── MATERIAL FOR THE TASK
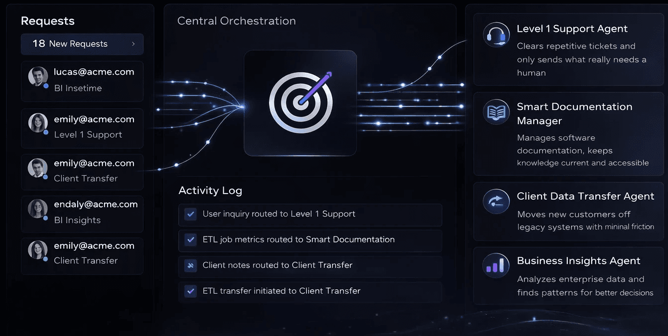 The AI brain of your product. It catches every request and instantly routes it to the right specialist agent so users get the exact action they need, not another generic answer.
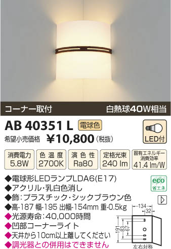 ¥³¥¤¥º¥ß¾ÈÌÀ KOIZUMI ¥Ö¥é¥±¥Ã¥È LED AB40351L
────
── MATERIAL FOR THE TASK
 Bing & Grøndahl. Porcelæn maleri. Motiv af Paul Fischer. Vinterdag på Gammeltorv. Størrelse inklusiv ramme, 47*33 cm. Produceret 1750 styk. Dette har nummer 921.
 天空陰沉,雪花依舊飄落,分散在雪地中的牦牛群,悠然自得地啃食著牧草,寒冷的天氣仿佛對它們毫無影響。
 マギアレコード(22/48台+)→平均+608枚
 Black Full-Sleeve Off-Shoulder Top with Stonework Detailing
────
◆ WHAT YOU NEED TO DO ◆
Using the listing above, repeat word for word each line from the one with "The AI brain" down to the one with "KOIZUMI ¥Ö¥é¥±¥Ã¥È LED AB40351L", both included. Omit all pictures.

◆ SOLUTION BELOW ◆
 The AI brain of your product. It catches every request and instantly routes it to the right specialist agent so users get the exact action they need, not another generic answer.
 ¥³¥¤¥º¥ß¾ÈÌÀ KOIZUMI ¥Ö¥é¥±¥Ã¥È LED AB40351L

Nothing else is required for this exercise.